Is nothing sacred anymore? Wordle, the daily word game that provides millions with a reason to get up every morning, is being wrenched from our collective hands by The New York Times.
The media giant purchased the humble, no-frills game from its creator, Josh Wardle, for a price "in the low seven figures."
On Twitter, Wardle announced the acquisition with a formal statement explaining that the game's runaway success has been "a little overwhelming." A fan of the Times' own word puzzles (such as the weekly crossword and Spelling Bee), Wardle decided to pass the reigns to the publication.
The creator's statement also assured readers that, once relocated to The New York Times website, Wordle will remain "free to play for everyone."
However, the Times stated that the game will "initially remain free to new and existing players" (emphasis on "initially"), raising concerns that the hit will eventually become pay-walled.

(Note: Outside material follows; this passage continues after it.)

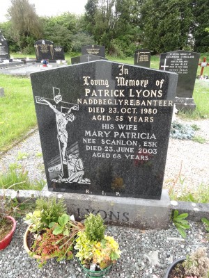 In loving memory ofPatrick Lyons, Naddbeg, Lyre, Banteerdied 23. Oct. 1980 aged 55 yearsHis wife Mary Patricia nee Scanlon, Eskdied 23. June 2003 aged 68 years
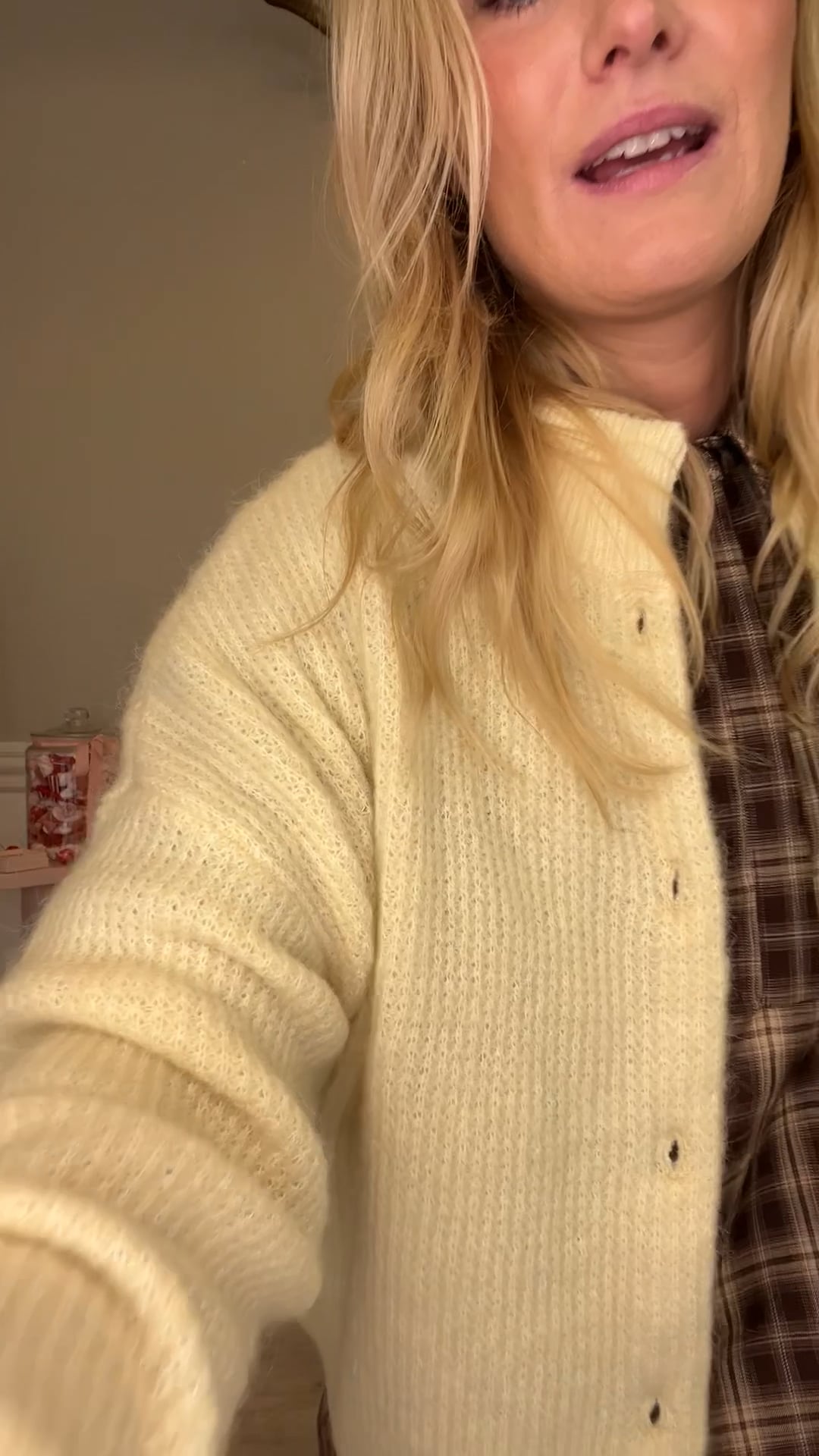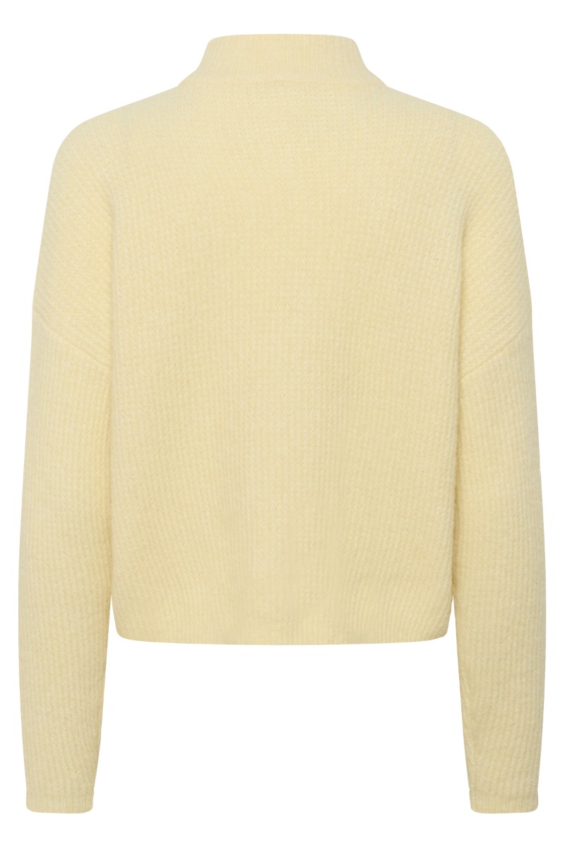 Cardiganen er designet i en blød, lys gul nuance med et enkelt og feminint udtryk. Den har en rund hals og knaplukning foran med mørke knapper, som skaber en fin kontrast. Pasformen er let afslappet med lange ærmer, der giver god komfort. Det strikkede materiale føles blødt og behageligt mod huden. Cardiganen er nem at style og passer perfekt til både kjoler, bukser og nederdele.

Riffing on the possible monetization of the game, Wordle fans are suggesting some creative solutions for preserving its accessibility — all you need is a willing partner and lots of colored square emojis.
As terrifying as the prospect of pay-walled Wordle is, Wardle deserves major props for not only creating the game, but also its heart-warming origins.
A Brooklyn-based software engineer, Wardle initially dreamt up the puzzle for his word game-loving partner, Palak Shah. "It's really sweet," Shah told the Times. "This is definitely how Josh shows his love."
I can't exactly blame Wardle for getting his coin (seven figures!), especially when he set out with such pure intentions.
Let this be a lesson: do something nice for your partner, and you might just end up a millionaire.